▶ [Data under study]
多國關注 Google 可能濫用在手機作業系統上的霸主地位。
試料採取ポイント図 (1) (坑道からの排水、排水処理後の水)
--
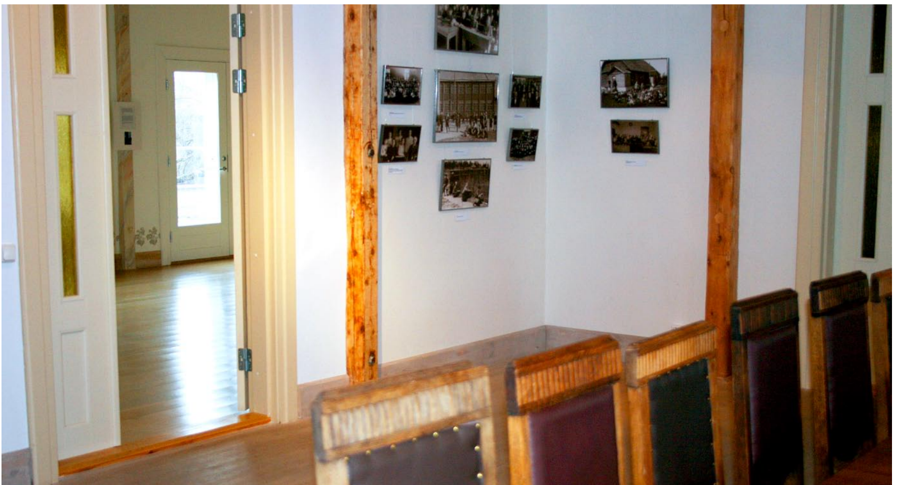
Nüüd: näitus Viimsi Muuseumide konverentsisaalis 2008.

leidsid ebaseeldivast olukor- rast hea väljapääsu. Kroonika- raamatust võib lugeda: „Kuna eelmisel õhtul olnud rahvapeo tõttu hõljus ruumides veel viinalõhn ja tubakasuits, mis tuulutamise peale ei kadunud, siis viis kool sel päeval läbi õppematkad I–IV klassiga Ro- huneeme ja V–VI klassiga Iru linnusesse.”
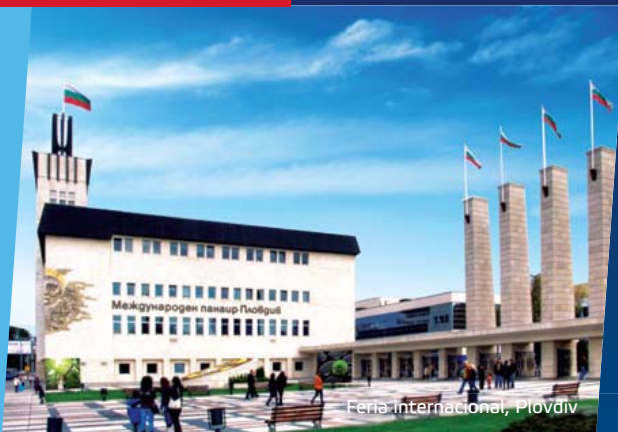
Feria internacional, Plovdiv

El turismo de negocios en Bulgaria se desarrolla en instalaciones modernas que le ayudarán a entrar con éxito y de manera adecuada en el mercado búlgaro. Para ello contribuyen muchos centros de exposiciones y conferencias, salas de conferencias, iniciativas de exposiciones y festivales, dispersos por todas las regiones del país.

▶ [What is expected] Above are records; repeat only the lines starting at the line with "多國關注 Google 可能濫用在手機作業系統上的霸主地位。" and ending at the line with "試料採取ポイント図 (1) (坑道からの排水、排水処理後の水)", exactly as they appear, both included.

▶ [Written response]
多國關注 Google 可能濫用在手機作業系統上的霸主地位。
試料採取ポイント図 (1) (坑道からの排水、排水処理後の水)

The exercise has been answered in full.